Copy out exactly, from the entries that follow, the line holding "Im Hostel treffen", the line holding "Selling a set", and all lines between them, but no pictures.
[Input material Boundary: Start]
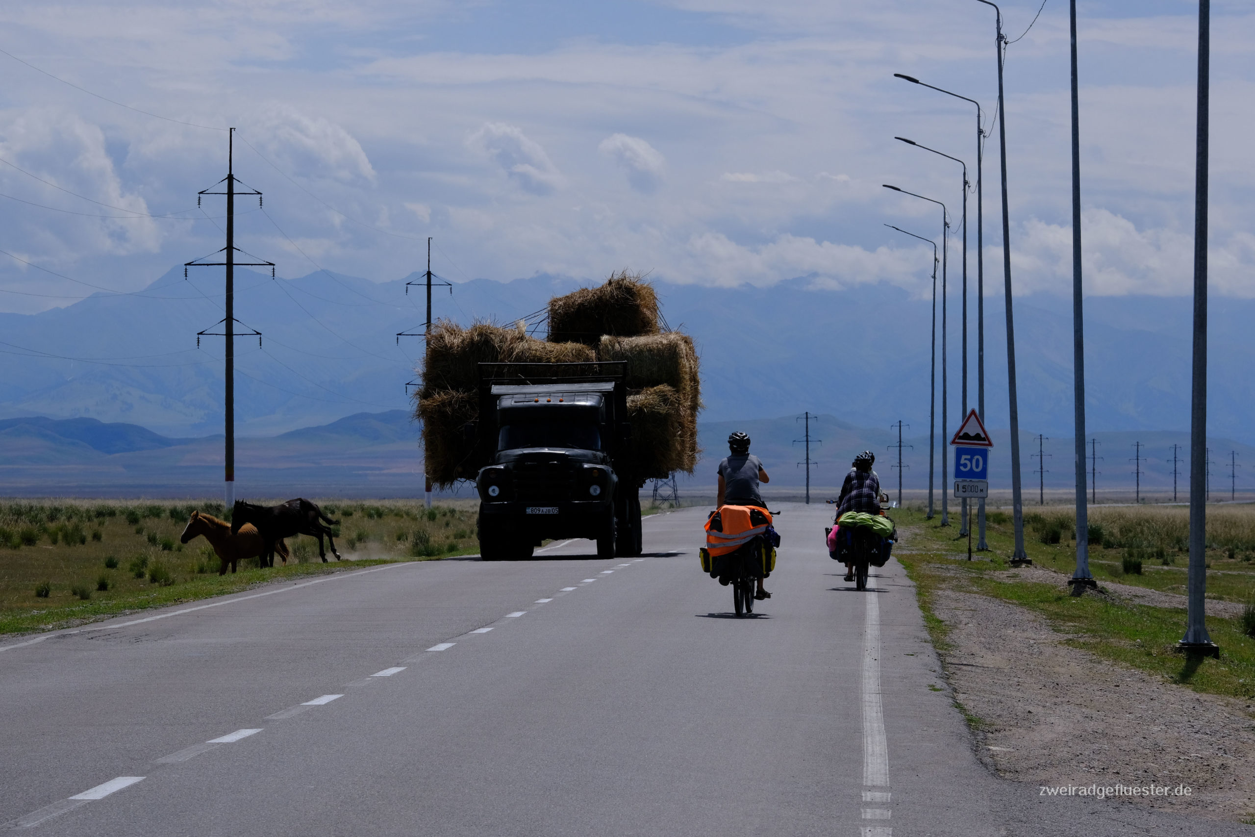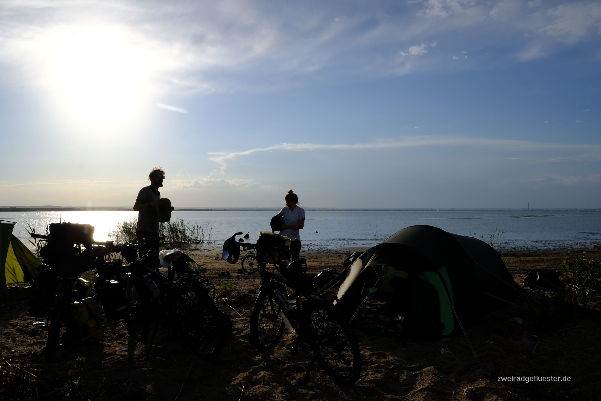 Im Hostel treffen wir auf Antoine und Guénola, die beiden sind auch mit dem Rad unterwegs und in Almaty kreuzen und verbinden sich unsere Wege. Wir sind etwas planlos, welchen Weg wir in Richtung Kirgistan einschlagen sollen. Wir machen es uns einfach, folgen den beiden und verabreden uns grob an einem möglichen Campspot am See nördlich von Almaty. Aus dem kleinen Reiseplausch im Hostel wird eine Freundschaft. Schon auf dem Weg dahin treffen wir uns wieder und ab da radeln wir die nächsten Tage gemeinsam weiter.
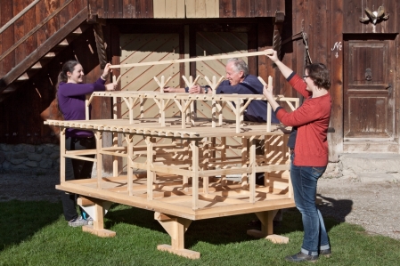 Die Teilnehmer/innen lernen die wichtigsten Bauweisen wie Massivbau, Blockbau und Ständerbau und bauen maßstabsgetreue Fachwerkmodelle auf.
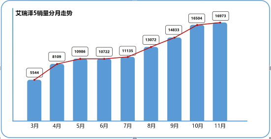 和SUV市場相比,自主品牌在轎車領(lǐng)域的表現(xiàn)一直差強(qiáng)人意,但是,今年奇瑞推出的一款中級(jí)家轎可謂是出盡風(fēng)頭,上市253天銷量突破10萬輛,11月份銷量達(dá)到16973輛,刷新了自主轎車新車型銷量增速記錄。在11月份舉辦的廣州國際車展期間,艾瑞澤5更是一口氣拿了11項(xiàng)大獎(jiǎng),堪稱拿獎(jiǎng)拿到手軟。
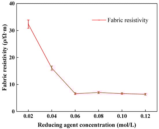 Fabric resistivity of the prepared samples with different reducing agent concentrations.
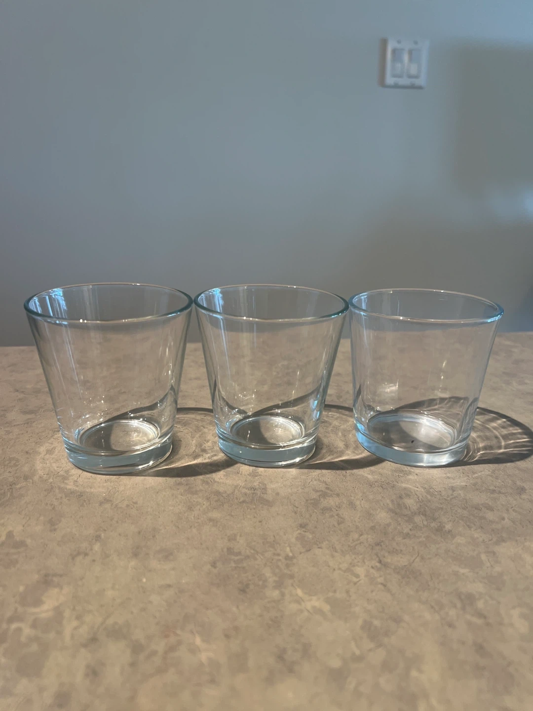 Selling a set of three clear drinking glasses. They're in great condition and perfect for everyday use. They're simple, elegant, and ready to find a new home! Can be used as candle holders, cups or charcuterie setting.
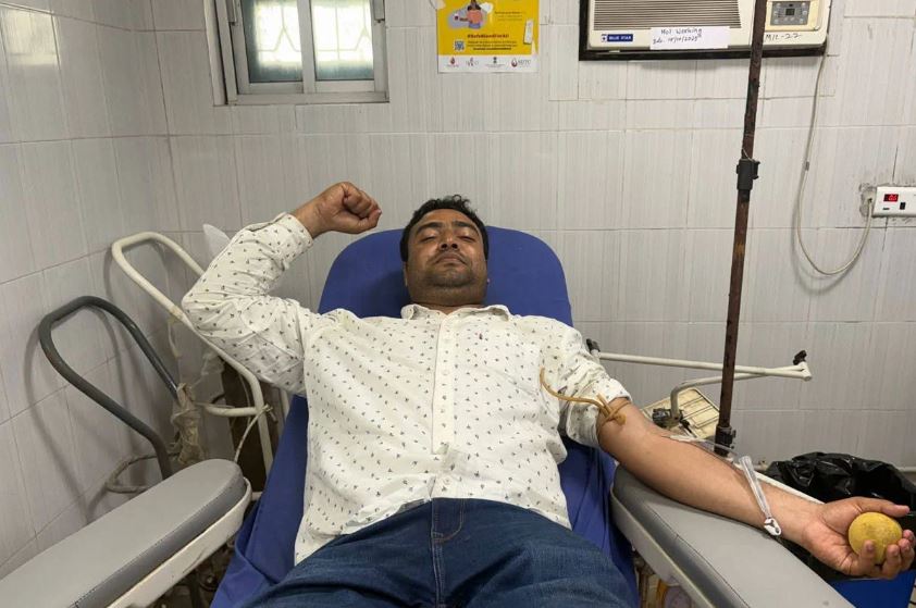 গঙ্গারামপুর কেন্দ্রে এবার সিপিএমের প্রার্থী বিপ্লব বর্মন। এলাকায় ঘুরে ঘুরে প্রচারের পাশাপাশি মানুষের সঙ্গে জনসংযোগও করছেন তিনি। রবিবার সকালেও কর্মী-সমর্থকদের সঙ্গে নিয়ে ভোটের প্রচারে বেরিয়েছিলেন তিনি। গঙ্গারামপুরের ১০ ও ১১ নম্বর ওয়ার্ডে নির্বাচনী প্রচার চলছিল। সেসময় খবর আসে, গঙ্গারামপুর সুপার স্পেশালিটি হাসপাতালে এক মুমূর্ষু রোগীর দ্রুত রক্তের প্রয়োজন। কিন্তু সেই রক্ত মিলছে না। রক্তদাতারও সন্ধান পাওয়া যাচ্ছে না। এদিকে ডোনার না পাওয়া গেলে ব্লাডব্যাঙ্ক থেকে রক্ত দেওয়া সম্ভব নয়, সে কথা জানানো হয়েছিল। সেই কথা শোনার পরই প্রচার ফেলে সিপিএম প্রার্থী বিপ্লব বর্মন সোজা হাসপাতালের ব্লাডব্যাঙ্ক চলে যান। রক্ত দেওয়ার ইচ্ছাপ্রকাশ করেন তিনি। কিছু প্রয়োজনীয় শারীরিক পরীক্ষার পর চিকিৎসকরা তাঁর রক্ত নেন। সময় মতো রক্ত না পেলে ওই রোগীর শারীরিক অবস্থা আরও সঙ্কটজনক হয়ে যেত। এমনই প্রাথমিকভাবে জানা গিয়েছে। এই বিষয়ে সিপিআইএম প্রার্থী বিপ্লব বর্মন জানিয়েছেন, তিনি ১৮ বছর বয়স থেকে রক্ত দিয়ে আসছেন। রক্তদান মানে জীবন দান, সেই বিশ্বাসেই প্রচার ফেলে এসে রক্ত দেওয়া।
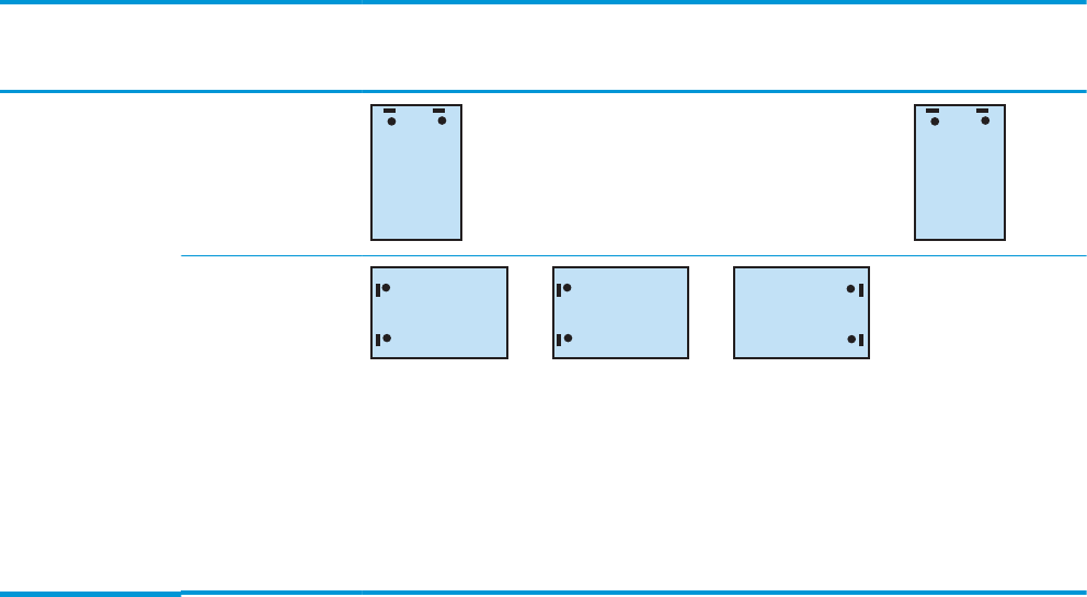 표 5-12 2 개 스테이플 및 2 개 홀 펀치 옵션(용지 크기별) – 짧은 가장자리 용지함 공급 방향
[Input material Boundary: End]
[Input material Boundary: Start]
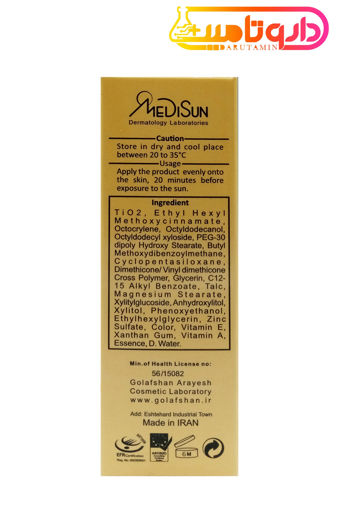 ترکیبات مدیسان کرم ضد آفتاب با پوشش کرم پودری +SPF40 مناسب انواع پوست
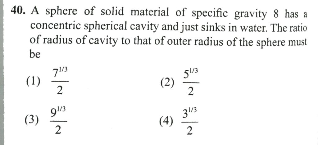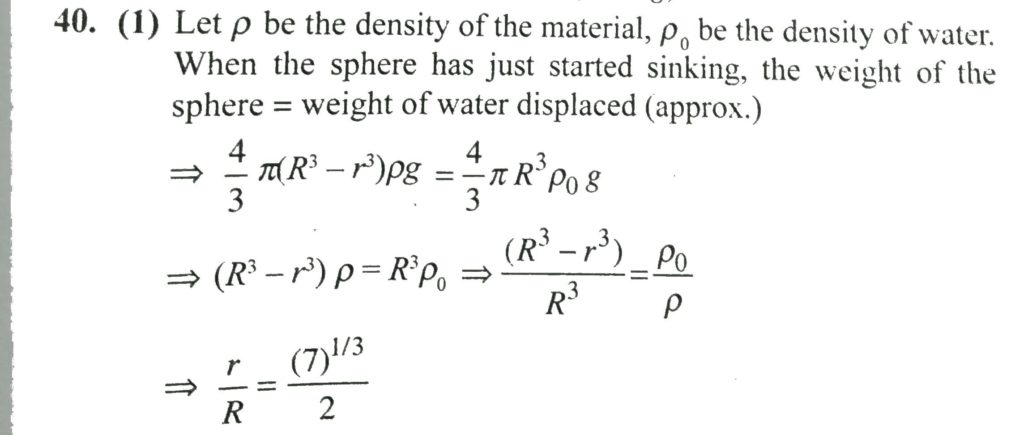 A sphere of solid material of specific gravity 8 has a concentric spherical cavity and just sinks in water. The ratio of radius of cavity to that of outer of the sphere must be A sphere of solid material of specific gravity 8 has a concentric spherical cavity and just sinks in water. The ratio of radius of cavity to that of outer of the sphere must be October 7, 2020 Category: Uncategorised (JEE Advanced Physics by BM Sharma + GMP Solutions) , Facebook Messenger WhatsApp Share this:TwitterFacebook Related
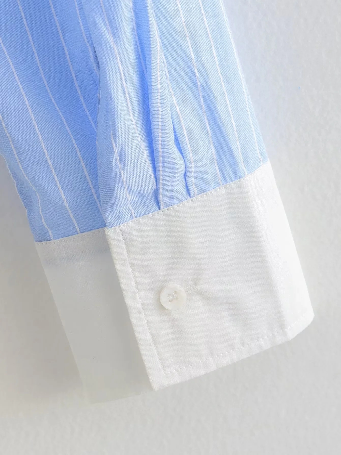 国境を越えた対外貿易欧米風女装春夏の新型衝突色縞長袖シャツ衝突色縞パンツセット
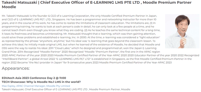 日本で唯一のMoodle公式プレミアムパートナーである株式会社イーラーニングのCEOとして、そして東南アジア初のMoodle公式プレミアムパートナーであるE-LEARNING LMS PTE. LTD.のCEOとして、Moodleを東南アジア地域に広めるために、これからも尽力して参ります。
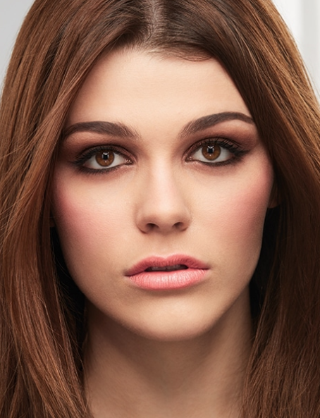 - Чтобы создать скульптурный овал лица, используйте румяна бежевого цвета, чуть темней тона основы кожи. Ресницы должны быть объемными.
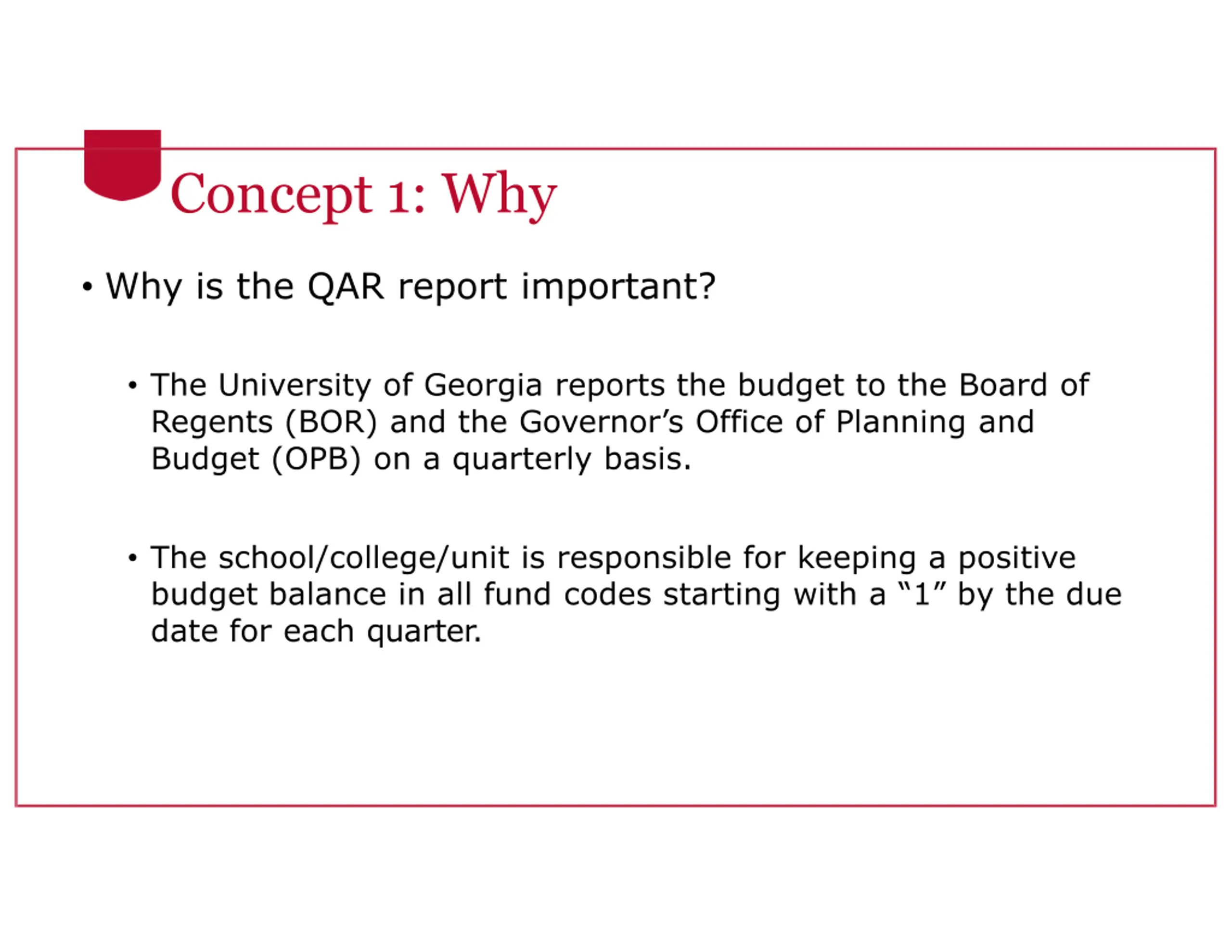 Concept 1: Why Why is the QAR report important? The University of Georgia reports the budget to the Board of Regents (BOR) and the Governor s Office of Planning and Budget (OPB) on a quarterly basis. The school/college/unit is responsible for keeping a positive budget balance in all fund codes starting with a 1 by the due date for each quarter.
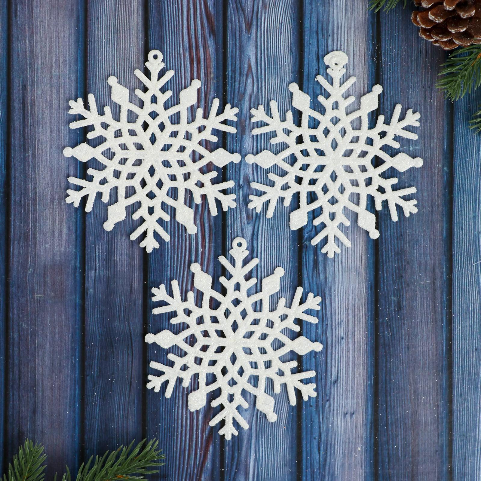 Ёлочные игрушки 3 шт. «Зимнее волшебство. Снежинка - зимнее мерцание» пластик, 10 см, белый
[Input material Boundary: End]
[Input material Boundary: Start]
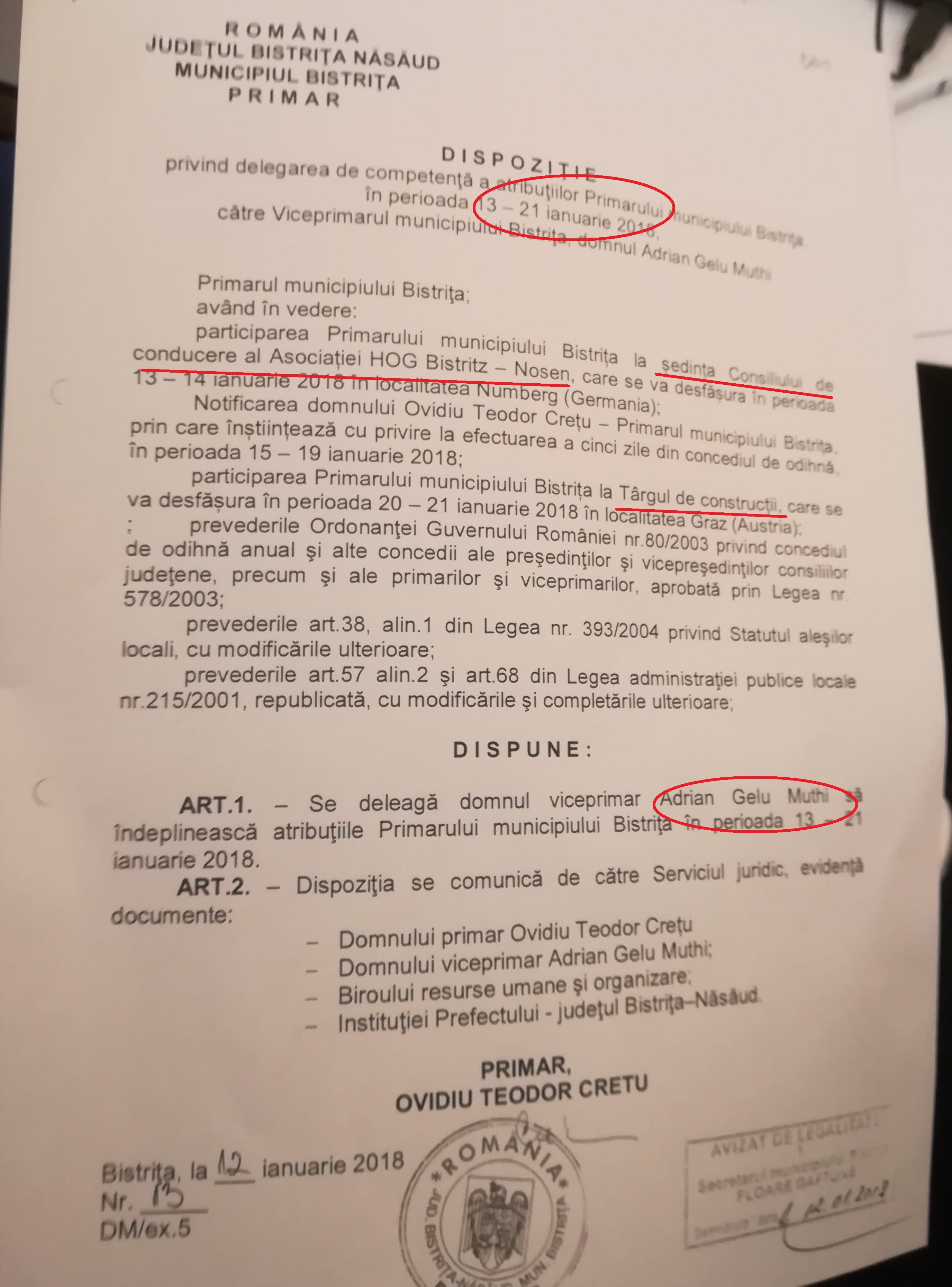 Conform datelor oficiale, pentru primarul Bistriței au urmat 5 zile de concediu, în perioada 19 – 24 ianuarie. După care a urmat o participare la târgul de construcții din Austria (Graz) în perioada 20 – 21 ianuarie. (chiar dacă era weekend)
[Input material Boundary: End]
> Result for this task:
 Im Hostel treffen wir auf Antoine und Guénola, die beiden sind auch mit dem Rad unterwegs und in Almaty kreuzen und verbinden sich unsere Wege. Wir sind etwas planlos, welchen Weg wir in Richtung Kirgistan einschlagen sollen. Wir machen es uns einfach, folgen den beiden und verabreden uns grob an einem möglichen Campspot am See nördlich von Almaty. Aus dem kleinen Reiseplausch im Hostel wird eine Freundschaft. Schon auf dem Weg dahin treffen wir uns wieder und ab da radeln wir die nächsten Tage gemeinsam weiter.
 Die Teilnehmer/innen lernen die wichtigsten Bauweisen wie Massivbau, Blockbau und Ständerbau und bauen maßstabsgetreue Fachwerkmodelle auf.
 和SUV市場相比,自主品牌在轎車領(lǐng)域的表現(xiàn)一直差強(qiáng)人意,但是,今年奇瑞推出的一款中級(jí)家轎可謂是出盡風(fēng)頭,上市253天銷量突破10萬輛,11月份銷量達(dá)到16973輛,刷新了自主轎車新車型銷量增速記錄。在11月份舉辦的廣州國際車展期間,艾瑞澤5更是一口氣拿了11項(xiàng)大獎(jiǎng),堪稱拿獎(jiǎng)拿到手軟。
 Fabric resistivity of the prepared samples with different reducing agent concentrations.
 Selling a set of three clear drinking glasses. They're in great condition and perfect for everyday use. They're simple, elegant, and ready to find a new home! Can be used as candle holders, cups or charcuterie setting.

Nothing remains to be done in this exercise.